My ISP uses CGNAT. Can I configure an IPv6 tunnel?

Such a configuration has all the above complications of NAT, in addition to no ability to adjust the CGNAT router. It's highly unlikely to work as CGNAT relies on TCP and UDP ports within normal IPv4 traffic for forwarding to the proper end-user, and CGNAT implementation usually do not have any knowledge of how to forward 6in4 traffic.

I have a router that doesn't support IP protocol 41. Is there any other way to set up a tunnel?

If possible, get a new router that supports (allows and forwards) IP protocol 41. Alternately, you can either put the host in a DMZ and secure it as best as you can, or bypass your router to set up a tunnel.

My system says the tunnel is up. Why isn't it working?

This is normal for any configured 6in4 tunnel. As the protocol has no underlying keep-alive or heartbeat mechanism, 'up' simply means your computer has an IPv4 route which may reach the remote side. It doesn't indicate if the remote side is reachable, configured, up, or the tunnel is functional.

How can I troubleshoot a tunnel then?

Because a tunnel is effectively throwing packets at the other side, without any signalling process for the tunnel mechanism itself, there's often not much to do aside from ensuring everything on your side you control will permit IP protocol 41 traffic in and out to the system you're anchoring the tunnel on. If you have a traceroute available on the system you're trying to anchor the tunnel on, and it support an option to specific the protocol the IPv4 trace packets are marked with, a trace to the tunnel server's IPv4 address with the protocol set to 41 can sometimes provide additional information.

I delegated reverse DNS to my own nameservers but it terminated at the he.net DNS servers rather than my delegated DNS servers. What am I doing wrong?

We don't delegate reverse DNS for the tunnel's Point-To-Point(PTP) /64. We delegate only to the routed /64 or /48s. Please make sure you are using the routed prefix(es), and not the PTP /64 in your rDNS entries.

I see you've added a new tunnel server. Can I move my tunnel to that one and keep my IPv6 addresses?

This is not possible. IPs are assigned to the specific tunnel server.

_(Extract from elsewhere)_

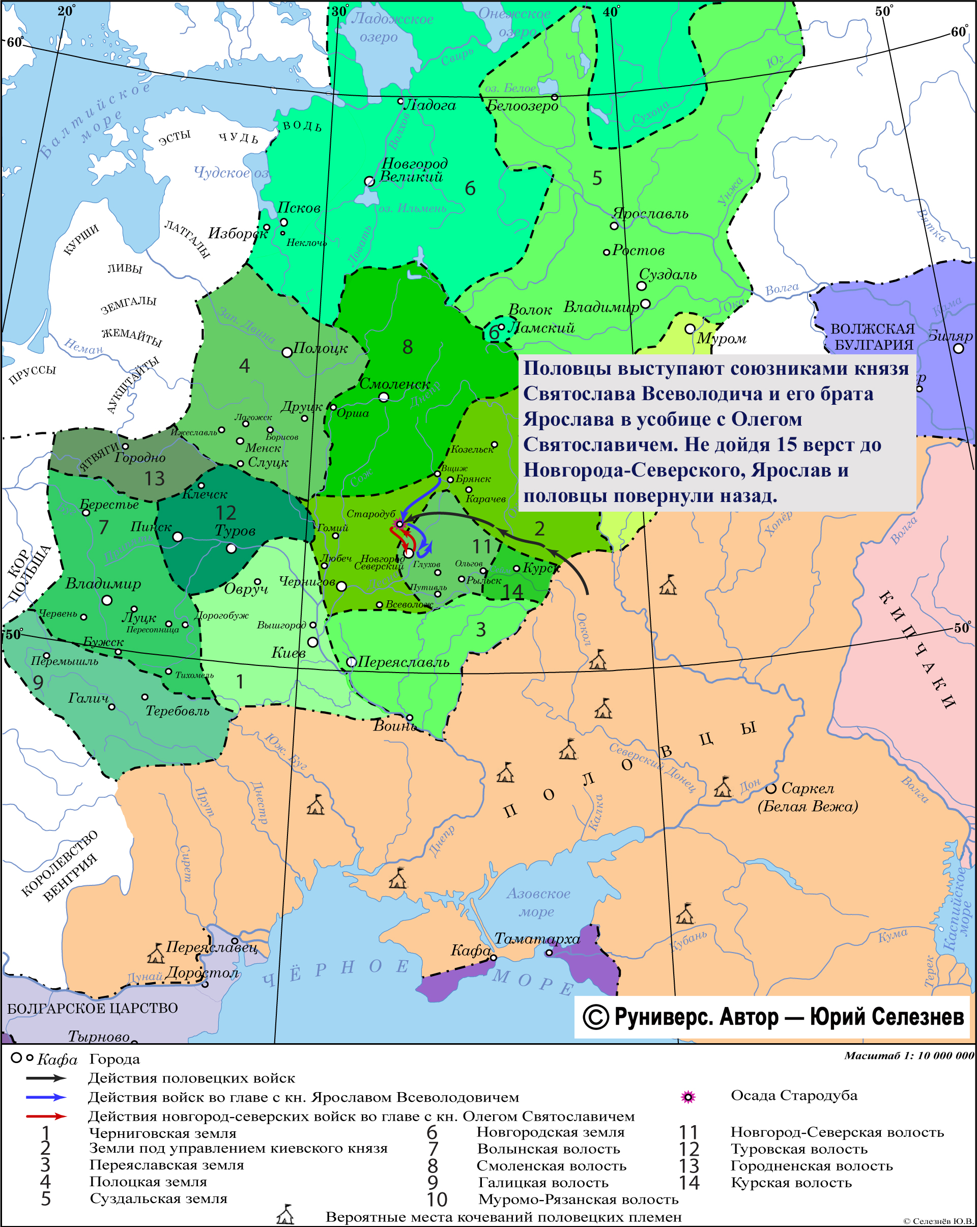 Половцы выступают союзниками князя Святослава Всеволодича и его брата Ярослава в усобице с Олегом Святославичем. Не дойдя 15 верст до Новгорода-Северского, Ярослав и половцы повернули назад.

The routing table growth from permitting IP portability between tunnel servers would not be feasible.

Why can I not connect to IRC?

Due to a high and persistent amount of abuse, we've had to filter IRC access by default. If you need IRC access, complete the Sage level of the free IPv6 certification and then please send an email to ipv6@he.net explaining your situation. Approvals will be handled on a case-by-case basis and will usually require completion of the Sage level of the IPv6 certification.

I can't send email via IPv6. What's wrong?

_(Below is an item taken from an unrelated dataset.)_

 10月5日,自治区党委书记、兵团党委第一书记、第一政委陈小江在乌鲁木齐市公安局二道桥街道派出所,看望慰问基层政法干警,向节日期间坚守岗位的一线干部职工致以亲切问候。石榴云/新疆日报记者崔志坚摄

Due to a high and persistent amount of abuse, we had to filter SMTP (tcp/25) connections by default. If you're not providing email service yourself, you should be able to use port 587 instead to your provider's email server. If you are providing email services over your tunnel and need port 25 opened, please send an email to ipv6@he.net explaining your situation. We will normally require completion of the Sage level of the IPv6 certification prior to removing this filter. NOTE: this filtering does not affect the SMTP-related tests on the IPv6 certification program.

My IP is being geolocated to a location different from where I am. How can this be fixed?

IP addresses carry no inherent location data. Administrative databases such as WHOIS can provide some location context. However, most geolocation providers appear to use their own proprietary heuristics to attempt to determine an IP's location. Often these do not use WHOIS, or other location data available in public records. As such, the ability to correct these is often limited.